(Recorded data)
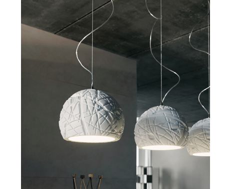Потолчнный подвесной светильник, выполненный из белого полиуретана.
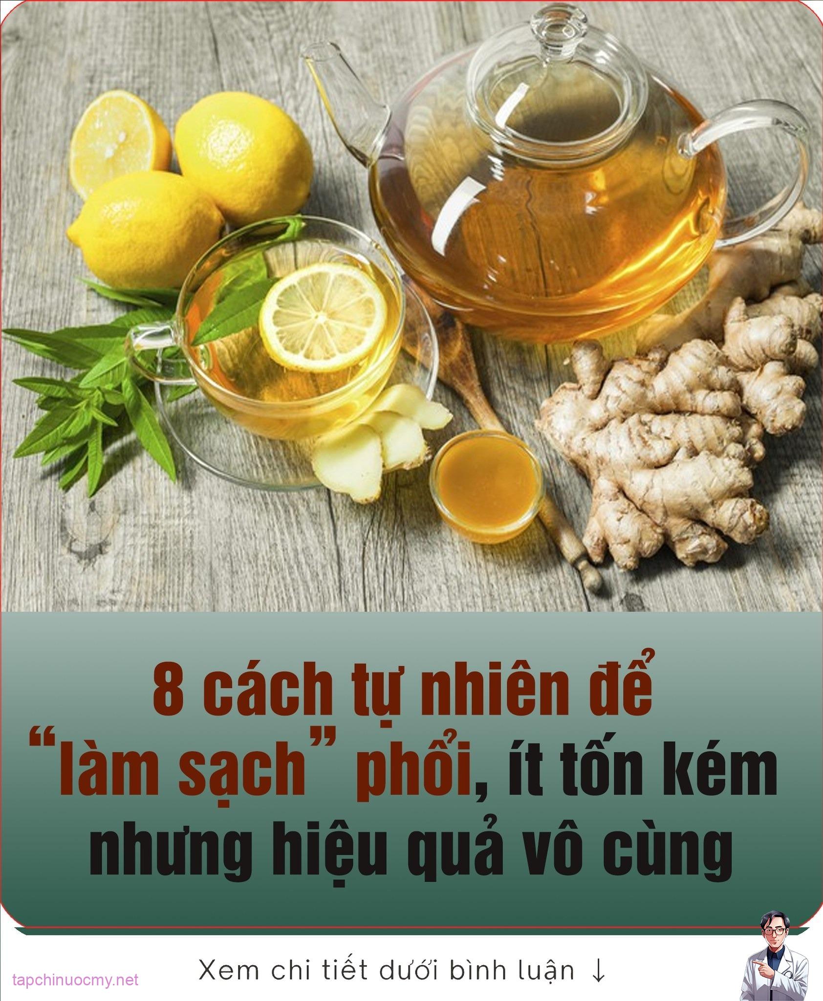 Các loại trà thảo mộc như gừng, rễ cam thảo và bạc hà có đặc tính chống viêm và long đờm tự nhiên. Chúng làm dịu đường thở, giảm kích ứng và hỗ trợ tống chất nhầy ra khỏi phổi, giúp hơi thở khỏe mạnh và trong hơn. Một tách trà thảo mộc mỗi ngày sẽ giúp giảm thiểu viêm và làm sạch phổi hiệu quả. Nhưng nhớ đừng uống khi quá nóng trên 60 độ C và không uống quá đặc.
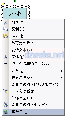 使用右键的操作方法:选择动作按钮,然后点击右键,选择菜单中的“超链接”,如下图!
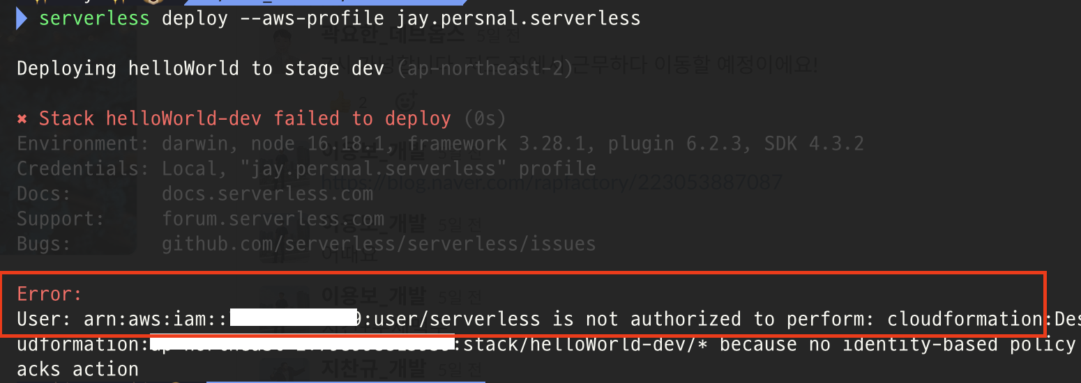 배포시 연관된 리소스들에 대한 권한이 없으면 에러가 납니다 배포할 때 사용할 리소스들에 대한 권한이 IAM 계정에 없으면 위처럼 에러를 뿜습니다. 위 에러는 처음에 제가 CloudFormation에 대한 권한을 주지 않아서 에러가 나더라고요 ㅎㅎ 근데 이게 일일이 사용할 인프라들에 대한 권한을 줘야 하다 보니 한 5개 추가하다가 계속 에러가 나서 그냥 administrator 권한을 줘버렸습니다 ㅎㅎ
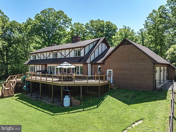 Welcome to this beautifully maintained English Tudor residence, ideally located in the heart of Madison, VA. Featuring 4 spacious bedrooms, 4.5 bathrooms, this home offers nearly 7,000 square feet of thoughtfully designed space across three finished levels. From the moment you arrive, the home’s timeless Tudor charm makes a lasting impression — steep gables, classic architectural lines, and arborvitaes lining Oneals Road, providing both screening and privacy. Large casement windows and lush landscaping enhance the curb appeal and highlight the home’s storybook elegance. Step through the front door into a welcoming foyer featuring an elegant curved staircase, setting the tone for the home’s refined character. Rich hardwood floors extend throughout much of the main level, creating a warm and sophisticated ambiance. At the heart of the home lies an expansive kitchen, anchored by a center island just shy of 11 feet with a farmhouse sink, abundant storage drawers, and seating. A walk-in pantry and cozy breakfast nook enhance both functionality and charm. Nearby, the full laundry room with custom shelving makes day-to-day living effortless, while a mudroom and half bath off the oversized three-car garage provide everyday convenience. For more formal occasions, a dedicated dining room with a decorative accent wall offers a stylish setting to host meals. At the front of the house, a spare living room provides a peaceful space for morning coffee and bird watching, or a place for guests to relax during holidays when gatherings overflow. Just off the kitchen and family room, step onto the recently renovated 65’x21’ wooden deck — a true highlight of the home. Here, you’ll enjoy spectacular sunset views over quiet farmland and the distant Blue Ridge Mountains. Whether entertaining or savoring a tranquil evening, this outdoor space offers a truly serene setting. The main level is complete with a calming primary suite, featuring a spa-inspired en-suite bath with a tiled walk-in shower, soaking tub, double vanity, and a spacious walk-in closet. A dedicated home office with custom built-ins and a wood-burning fireplace offers the perfect work-from-home setup. The upper floor features a second primary bedroom with a private bath and an impressive wall-to-wall closet with sliding glass doors. Two additional bedrooms, each with double closets, are connected by a Jack & Jill bathroom with a separate double vanity area. Ample storage throughout, including a large floored walk-in attic, supports a clutter-free lifestyle. The newly renovated lower level is exceptionally versatile. It features a full, modern kitchen, an open living area, two guest rooms (not to code), a full bathroom, and a utility room currently outfitted as a home gym. With tile flooring throughout, a private washer/dryer closet, and direct access to a brick patio exiting into a fenced-in backyard, this space is perfect as an in-law suite or income-producing rental. (An existing Airbnb listing is available to convey with the home.) This property offers farm views without the work, set just minutes from Madison’s schools, Food Lion, and Route 29. Tucked in a quiet, friendly neighborhood, the home provides both seclusion and community—a rare and coveted combination. Comcast Internet ! Back entrance/exit to Fairgrounds Rd- 3 car attached garage- 30x24 Work shop/Storage barn w/ porch and tractor door. See Virtual Tour above the picture section. Also lots of information loaded in the documents icon above the pictures.

Goal of the exercise: Above are the records. Copy only the lines from the one with "使用右键的操作方法:选择动作" through the one with "배포시 연관된 리소스들에", exactly, with no pictures.

Response area:
 使用右键的操作方法:选择动作按钮,然后点击右键,选择菜单中的“超链接”,如下图!
 배포시 연관된 리소스들에 대한 권한이 없으면 에러가 납니다 배포할 때 사용할 리소스들에 대한 권한이 IAM 계정에 없으면 위처럼 에러를 뿜습니다. 위 에러는 처음에 제가 CloudFormation에 대한 권한을 주지 않아서 에러가 나더라고요 ㅎㅎ 근데 이게 일일이 사용할 인프라들에 대한 권한을 줘야 하다 보니 한 5개 추가하다가 계속 에러가 나서 그냥 administrator 권한을 줘버렸습니다 ㅎㅎ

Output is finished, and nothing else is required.